- Action item -
Please take the lines from the one holding "ÀÖ°Ô ÃßÁø ÁßÀÌ´Ù." through the one holding "手技では届かない深層の筋肉へ" in the data below and copy them exactly.

- Dataset records -
══════════

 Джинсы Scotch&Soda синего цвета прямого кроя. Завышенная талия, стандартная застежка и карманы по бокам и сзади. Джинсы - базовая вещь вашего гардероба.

══════════

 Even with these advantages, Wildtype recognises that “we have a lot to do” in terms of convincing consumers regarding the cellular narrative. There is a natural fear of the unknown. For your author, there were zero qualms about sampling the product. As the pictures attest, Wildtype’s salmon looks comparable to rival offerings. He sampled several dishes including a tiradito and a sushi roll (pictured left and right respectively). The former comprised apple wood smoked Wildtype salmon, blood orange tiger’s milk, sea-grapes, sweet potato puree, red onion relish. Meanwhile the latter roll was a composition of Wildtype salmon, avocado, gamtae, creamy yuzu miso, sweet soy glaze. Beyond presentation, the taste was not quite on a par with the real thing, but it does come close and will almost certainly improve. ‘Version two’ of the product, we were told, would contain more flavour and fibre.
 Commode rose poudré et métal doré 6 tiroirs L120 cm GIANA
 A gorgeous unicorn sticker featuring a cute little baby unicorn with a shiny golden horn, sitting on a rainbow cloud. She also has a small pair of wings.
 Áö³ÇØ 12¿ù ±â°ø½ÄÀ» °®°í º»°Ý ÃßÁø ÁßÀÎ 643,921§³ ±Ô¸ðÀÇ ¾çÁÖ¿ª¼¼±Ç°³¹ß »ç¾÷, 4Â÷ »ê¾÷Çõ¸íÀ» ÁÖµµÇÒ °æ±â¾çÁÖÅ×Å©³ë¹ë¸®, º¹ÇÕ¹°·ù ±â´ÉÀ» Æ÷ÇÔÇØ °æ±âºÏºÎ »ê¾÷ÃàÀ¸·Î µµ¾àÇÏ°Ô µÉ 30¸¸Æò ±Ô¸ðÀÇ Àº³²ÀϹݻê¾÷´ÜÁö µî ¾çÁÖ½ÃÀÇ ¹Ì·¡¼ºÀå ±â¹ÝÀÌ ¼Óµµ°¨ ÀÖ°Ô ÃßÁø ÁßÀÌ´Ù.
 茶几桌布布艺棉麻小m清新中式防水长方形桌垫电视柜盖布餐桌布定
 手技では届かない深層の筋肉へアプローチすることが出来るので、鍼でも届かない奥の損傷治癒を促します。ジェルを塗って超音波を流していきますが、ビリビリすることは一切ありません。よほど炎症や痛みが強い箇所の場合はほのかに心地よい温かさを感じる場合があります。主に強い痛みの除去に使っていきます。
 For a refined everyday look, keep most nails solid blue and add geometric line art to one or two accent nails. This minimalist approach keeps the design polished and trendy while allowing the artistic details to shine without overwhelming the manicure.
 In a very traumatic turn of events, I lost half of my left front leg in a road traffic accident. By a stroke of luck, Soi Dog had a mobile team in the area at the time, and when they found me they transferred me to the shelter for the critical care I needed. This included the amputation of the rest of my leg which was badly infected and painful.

══════════

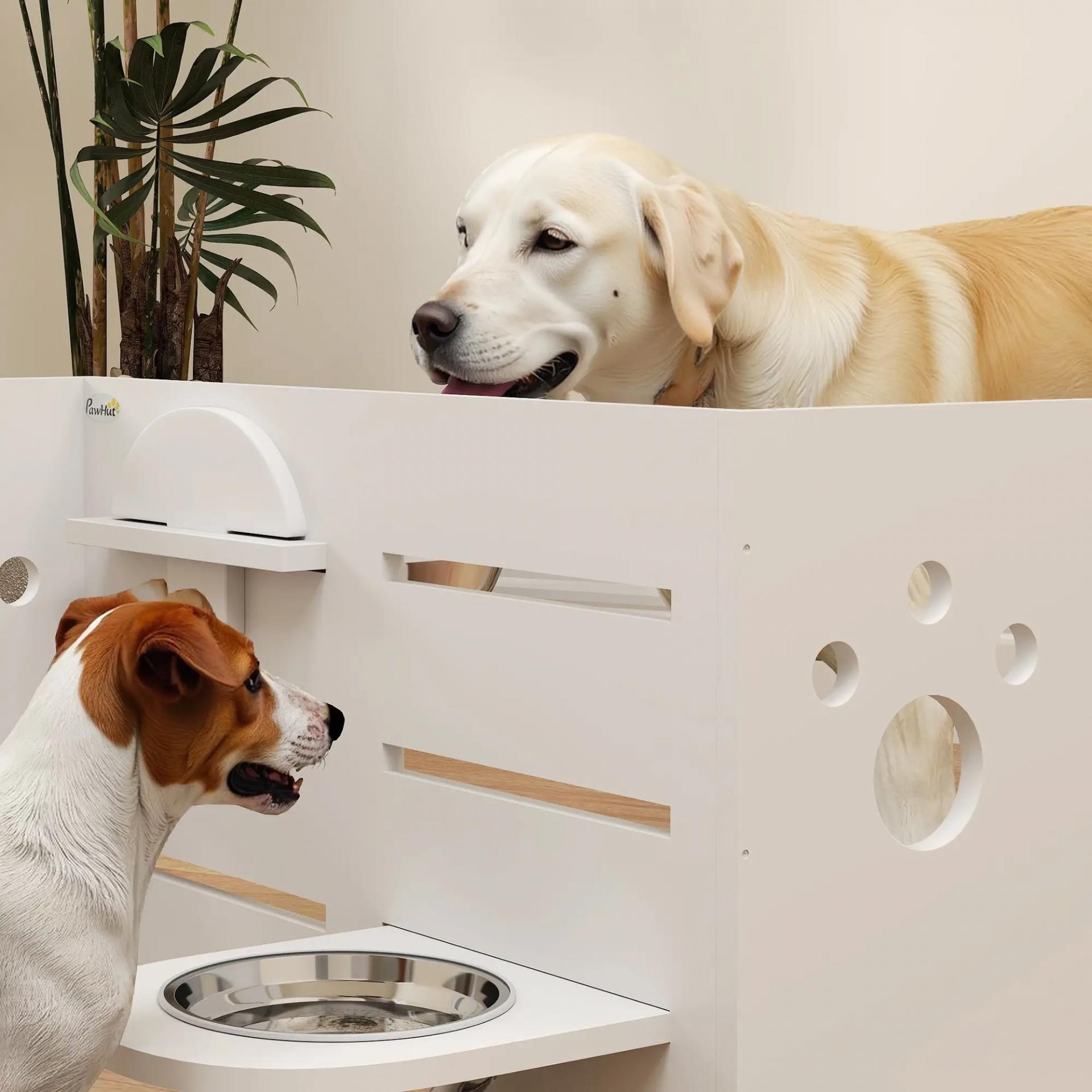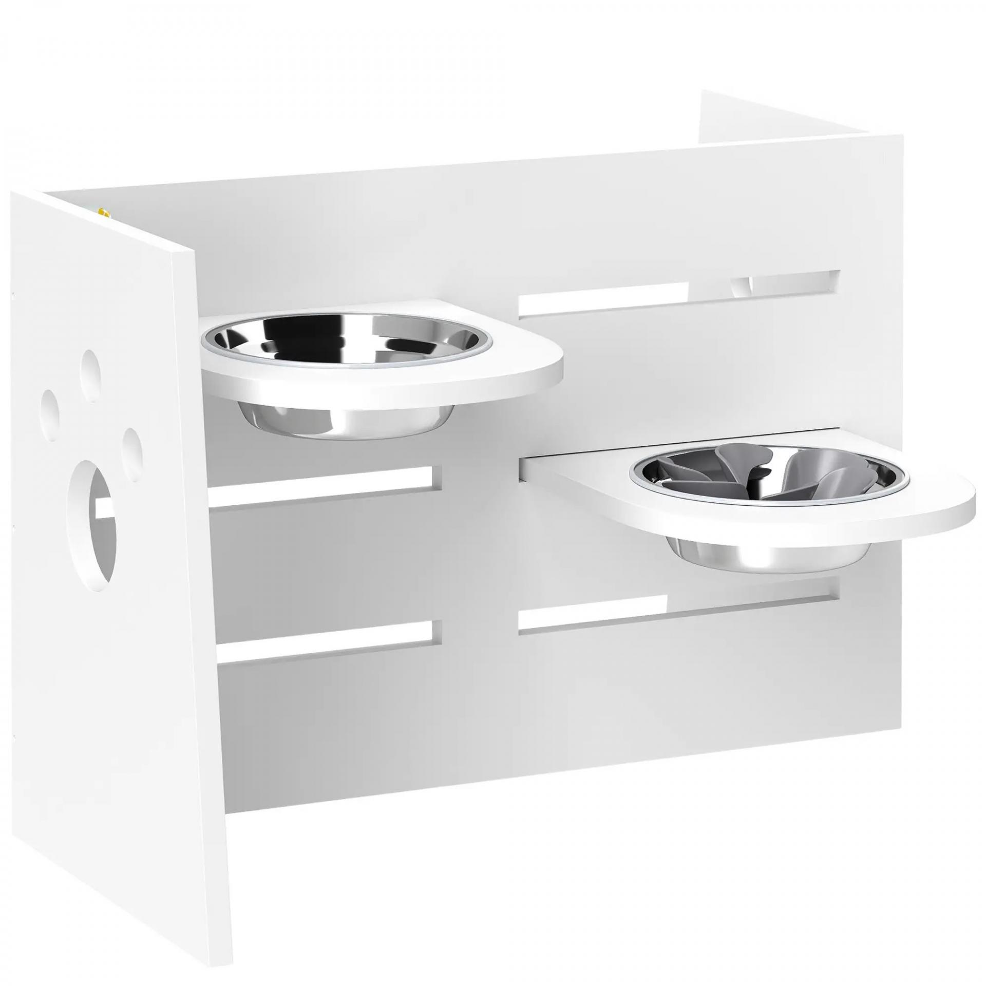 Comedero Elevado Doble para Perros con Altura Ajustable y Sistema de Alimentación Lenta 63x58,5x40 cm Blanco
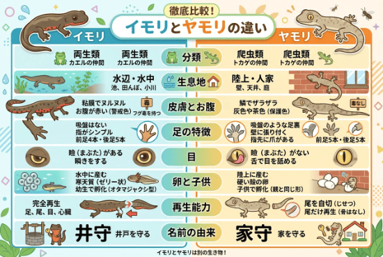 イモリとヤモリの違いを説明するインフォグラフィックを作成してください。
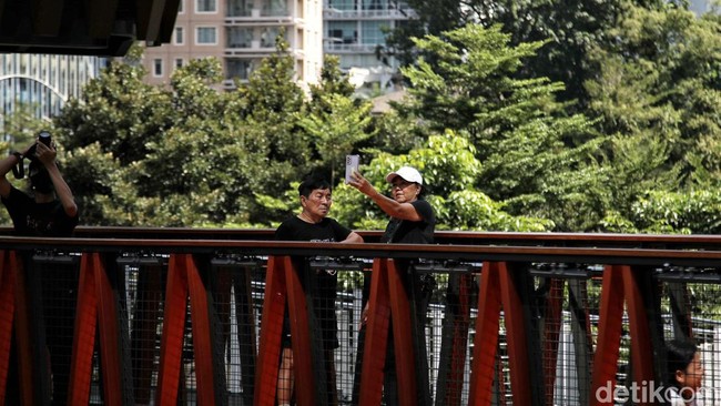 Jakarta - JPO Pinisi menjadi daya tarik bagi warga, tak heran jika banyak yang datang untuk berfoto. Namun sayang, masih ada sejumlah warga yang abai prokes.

══════════

- Result -
 Áö³ÇØ 12¿ù ±â°ø½ÄÀ» °®°í º»°Ý ÃßÁø ÁßÀÎ 643,921§³ ±Ô¸ðÀÇ ¾çÁÖ¿ª¼¼±Ç°³¹ß »ç¾÷, 4Â÷ »ê¾÷Çõ¸íÀ» ÁÖµµÇÒ °æ±â¾çÁÖÅ×Å©³ë¹ë¸®, º¹ÇÕ¹°·ù ±â´ÉÀ» Æ÷ÇÔÇØ °æ±âºÏºÎ »ê¾÷ÃàÀ¸·Î µµ¾àÇÏ°Ô µÉ 30¸¸Æò ±Ô¸ðÀÇ Àº³²ÀϹݻê¾÷´ÜÁö µî ¾çÁÖ½ÃÀÇ ¹Ì·¡¼ºÀå ±â¹ÝÀÌ ¼Óµµ°¨ ÀÖ°Ô ÃßÁø ÁßÀÌ´Ù.
 茶几桌布布艺棉麻小m清新中式防水长方形桌垫电视柜盖布餐桌布定
 手技では届かない深層の筋肉へアプローチすることが出来るので、鍼でも届かない奥の損傷治癒を促します。ジェルを塗って超音波を流していきますが、ビリビリすることは一切ありません。よほど炎症や痛みが強い箇所の場合はほのかに心地よい温かさを感じる場合があります。主に強い痛みの除去に使っていきます。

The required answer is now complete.